明日の蒼の空
 一人で描くようになってから、町の人たちが声を掛けてくれるようになった。

「どうもお疲れ様です」
 作業着姿のお兄さん。

「いつも楽しみに見させてもらっています」
 スーツ姿の若い女性。

「すごく上手だね」
 可愛らしい子犬を連れたおばさん。

「今日も食べに行きます」
 赤ちゃんを抱き抱えた若いママさん。

「どうしてそんなに上手に描けるんですか?」
 配達中の郵便屋さん。

「お姉ちゃんの描く絵を楽しみにしてるよ」
 半袖半ズボン姿の小さな男の子。

「いつもいつも偉いねえ」
 背中の丸まった可愛らしいおばあさん。

「にゃあ、にゃにゃにゃにゃにゃ、にゃあ。

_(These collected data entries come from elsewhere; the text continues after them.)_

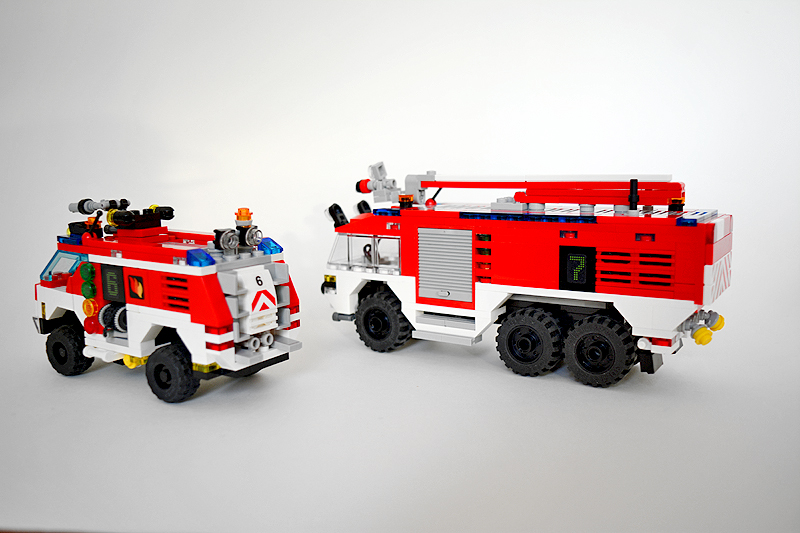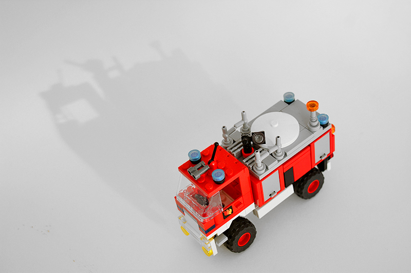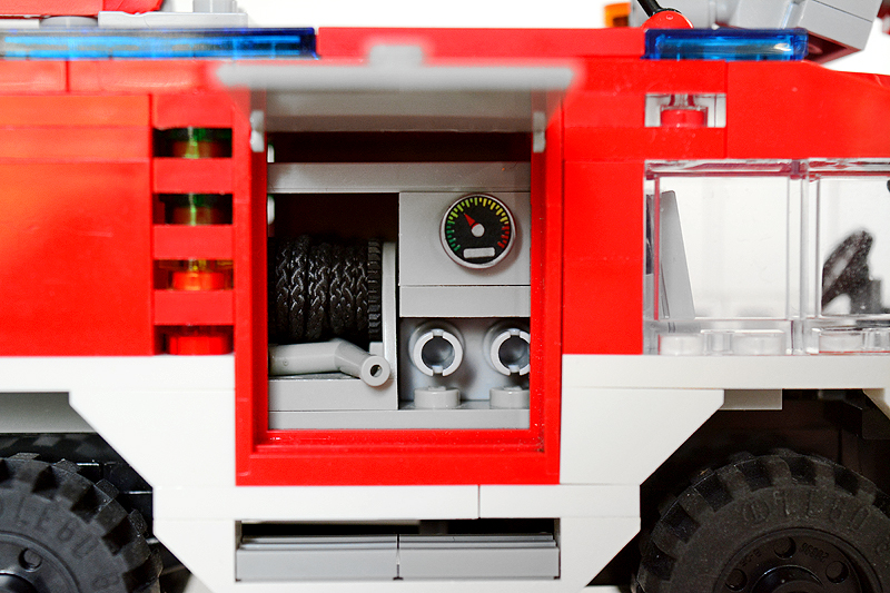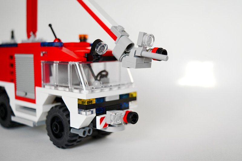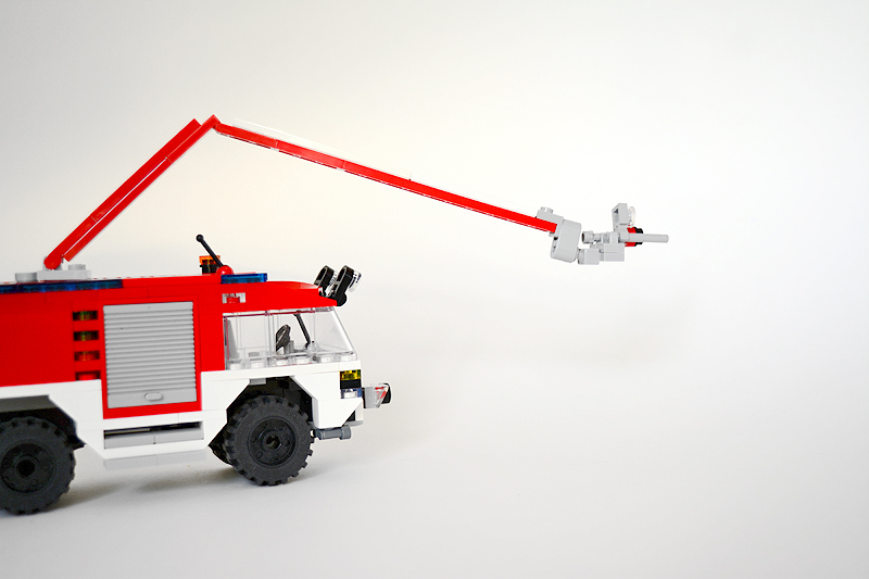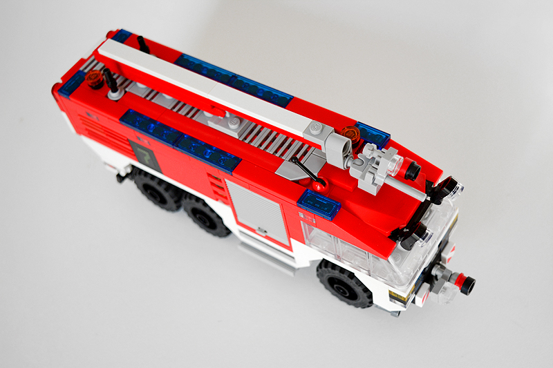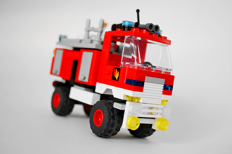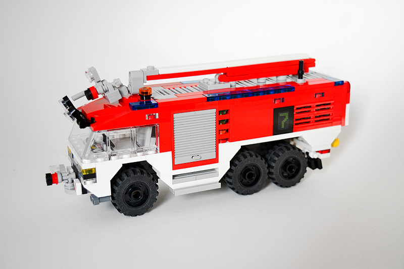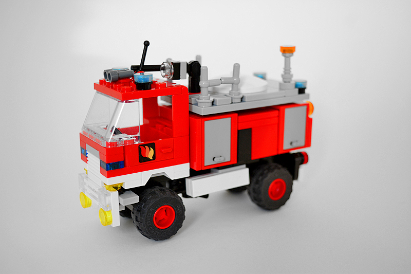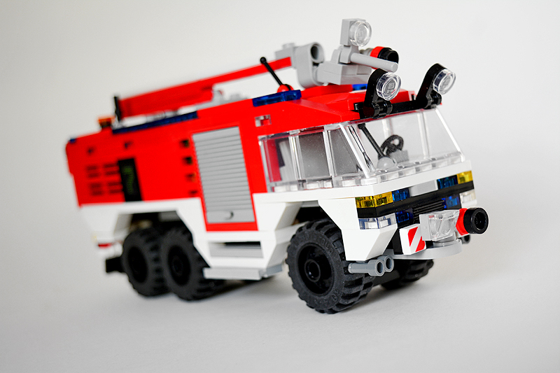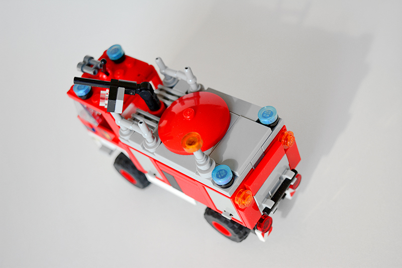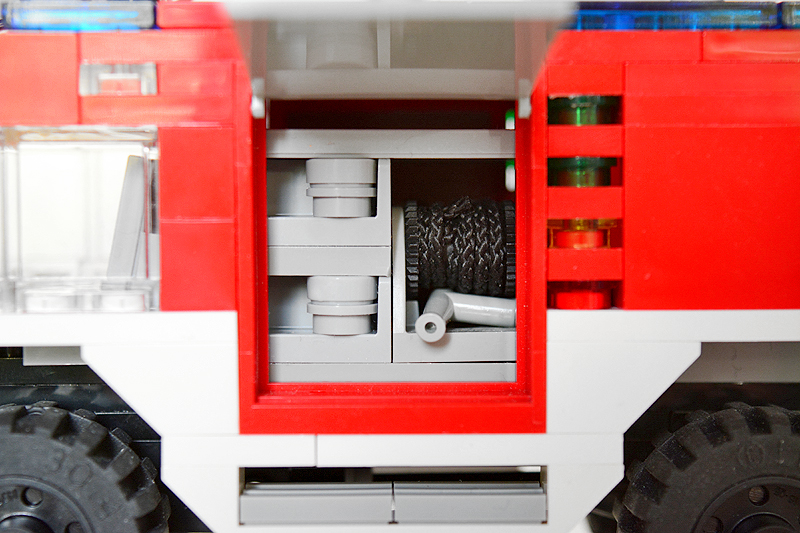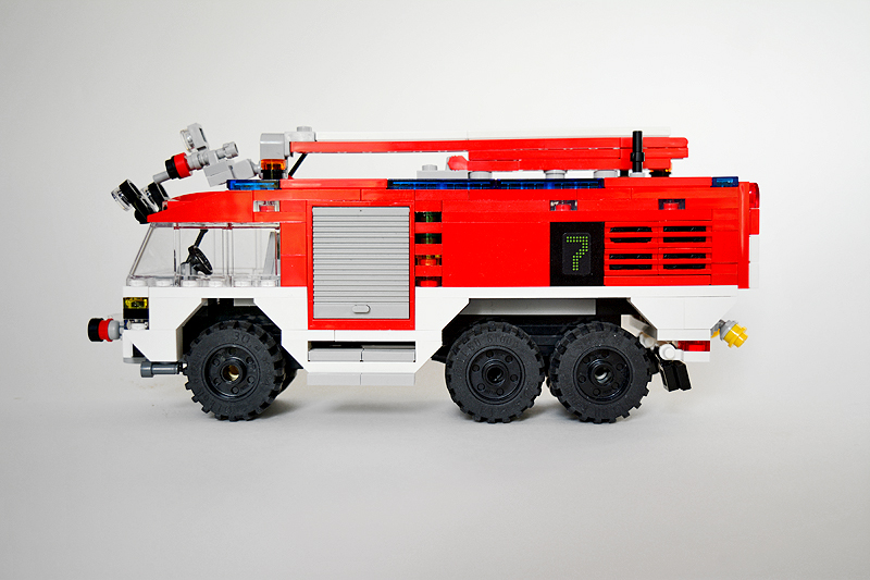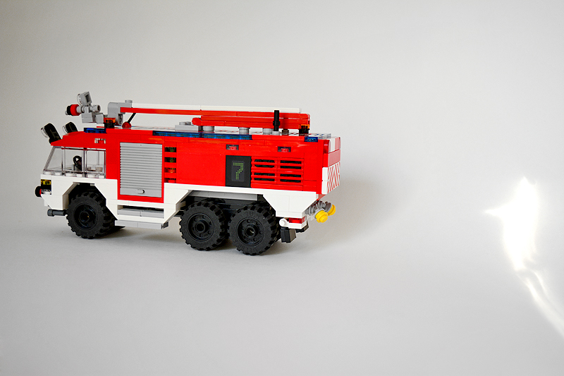 So erfolgte auch meine Umsetzung formensprachlich sachlicher gehalten ins Farnheimer Universum. Der Bau startete mit dem vorderen Radauschnitt und arbeitere sich langsam nach hinten und oben. Das Reifengröße stand schn früh fest und im Grunde auch der Radstand. So musste sich also „nur“ die Karosse nur drumherum bauen lassen. Trotzdem war es ein gehöriges Stückchen Arbeit bis das Auto, so wie hier, fertig auf dem Bautisch stand – und vor allem stabil war. Wenn man nämlich keinen Bauplan vorliegen hat, den man abarbeiten kann, sondern freestyle baut, fängt man immer irgendwo an. Während des Entstehungsprozesses war es so, dass die Kabine über eine lange Zeit keinen Boden verfügte und sich daher nur schlecht mit dem Fahrgestell verbinden ließ. Entsprechend labil war die gesamte Angelegenheit. Immer wieder zerlegte ich das Modell eher unfreiwillig mit ungeschickten Handgriffen. So mussten immer wieder rückgebaut und zahlreichen Querverstrebungen eingezogen werden, um die nötige Stabilität zu erreichen. Auch übernimmt das Fahrzeugdach stabilisierende Aufgaben. Im Inneren sorgen eingezogene Querverbindungen, insbesondere vor und hinter Geräteraumsegment für strukturellen Halt und Verwindungssteifigkeit. Dabei hilft tatsächlich auch der Innenausbau des Gerätefachs. Nach Abschluss der Arbeiten verfügt das Modell nun über eine hinreichende Festigkeit. Details wie ein neuer Löscharm, Frontwerfer und die neuen, diagonal gestreiften 1x1er und 2x2er Fliesen runden im Wesentlichen das Modell, das nun das größte meiner gesamten Flotte ist, ab.
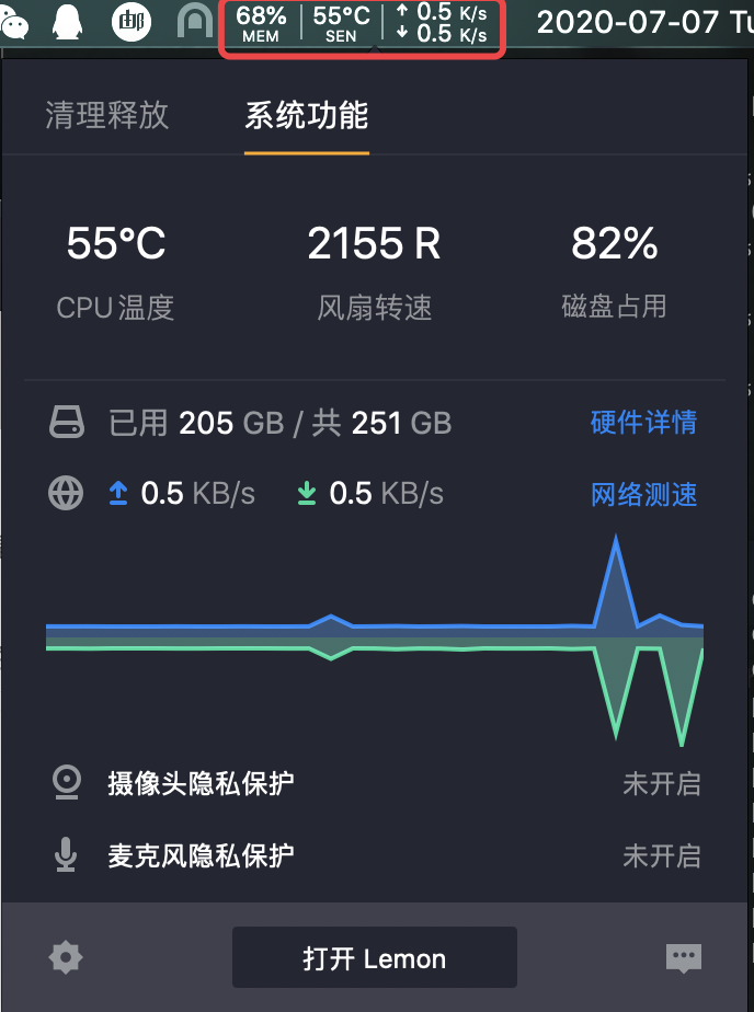 腾讯柠檬清理,基本对标的就是 CleanMyMac,我个人没用过 CleanMyMac,但是感觉腾讯家的这个产品挺好用,在内测的时候就在一直用,产品在社区里面也一直听取用户的意见改进,持状态栏显示当前内存占用、网速等,对我来说是够用了。
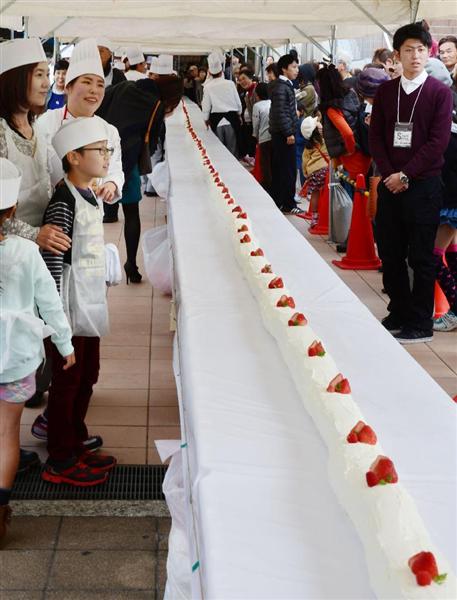 ギネス認定! 140メートルのロールケーキ 生クリーム180リットルと卵2400個使い完成 堺 – 産経WEST  高島屋泉北店(堺市南区)前の広場で8日、世界一長いロールケーキ作りに挑戦するイベントが開かれた。地域の住民ら約200人が協力して140・62メートルのケーキを完成させ、晴れてギネス世界記録に認定された。 続きはソース http://www.sankei.com/west/news/141108/wst1411080051-n1.html ↑ギネス記録に認定された、世界一長い140・62メートルのロールケーキ= 8日午後、堺市
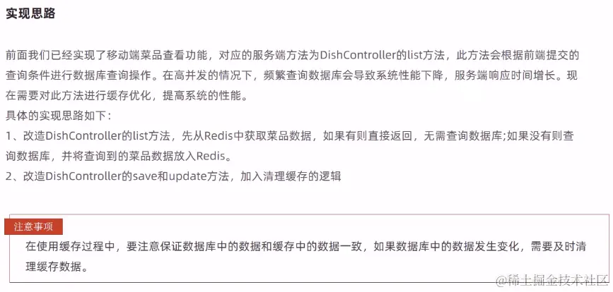 接着我们来学习如何缓存我们的菜品数据,先来看看我们的实现思路
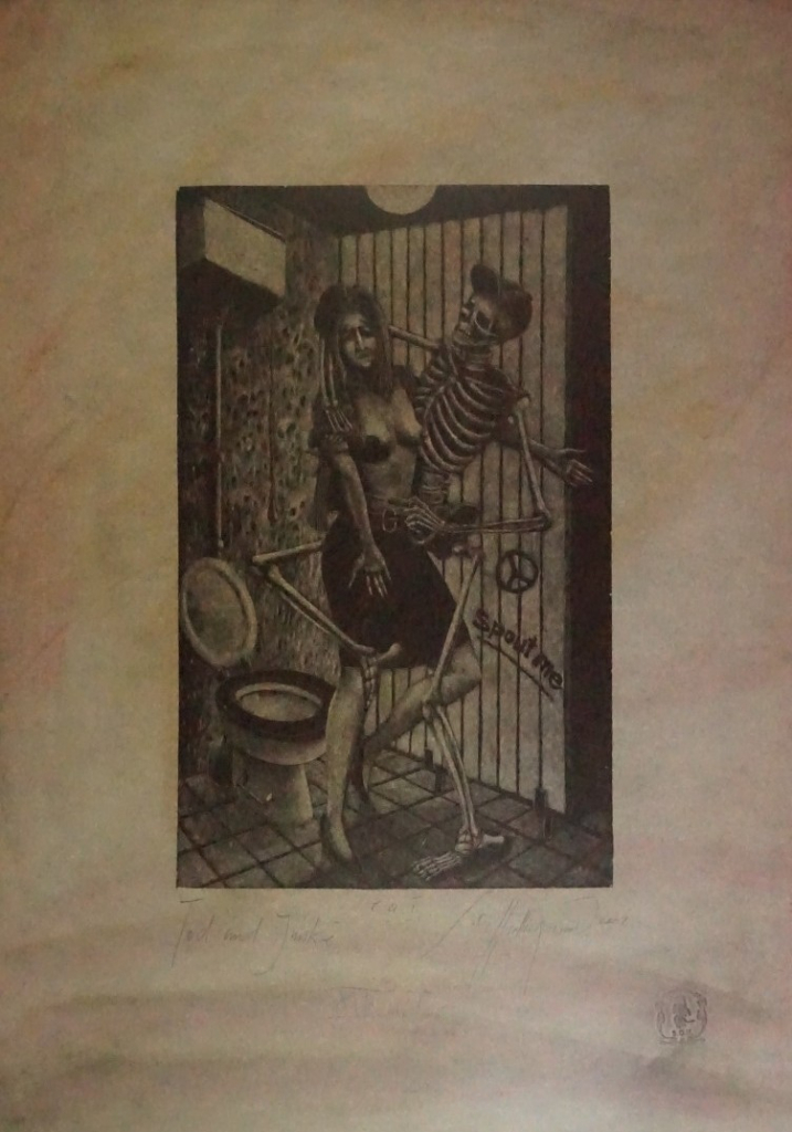 Galerie Bl.18 Tod und JunkieMappe: Otto-Hüttengrund S. "Ein Totentanz"Holzriss, 28,0x17,3 47,5x33,8 cm, 3/8 2002Otto-Hüttengrund Siegfried
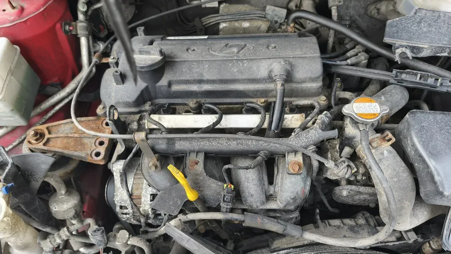 Samochód jest jak widać na zdjęciu rozbity przodem, poduszki powietrzne nie wystrzeliły, silnik odpala.

にゃにゃにゃん」
 茶トラ模様の可愛らしい子猫ちゃん。

「オオー、ワンダフォー。ユーアー、グレートアーティスト」
 観光客なのだろうか。首にカメラをぶら下げた白人男性。

「今日も頑張ってますね」
 町長さんの吉川さん。

 多くの人の温かい声援を背に受けて、私は空のキャンバスアーティストになった気分でみんなのひまわり憩い食堂の真上に料理の絵とランチメニューの文字を描き続けた。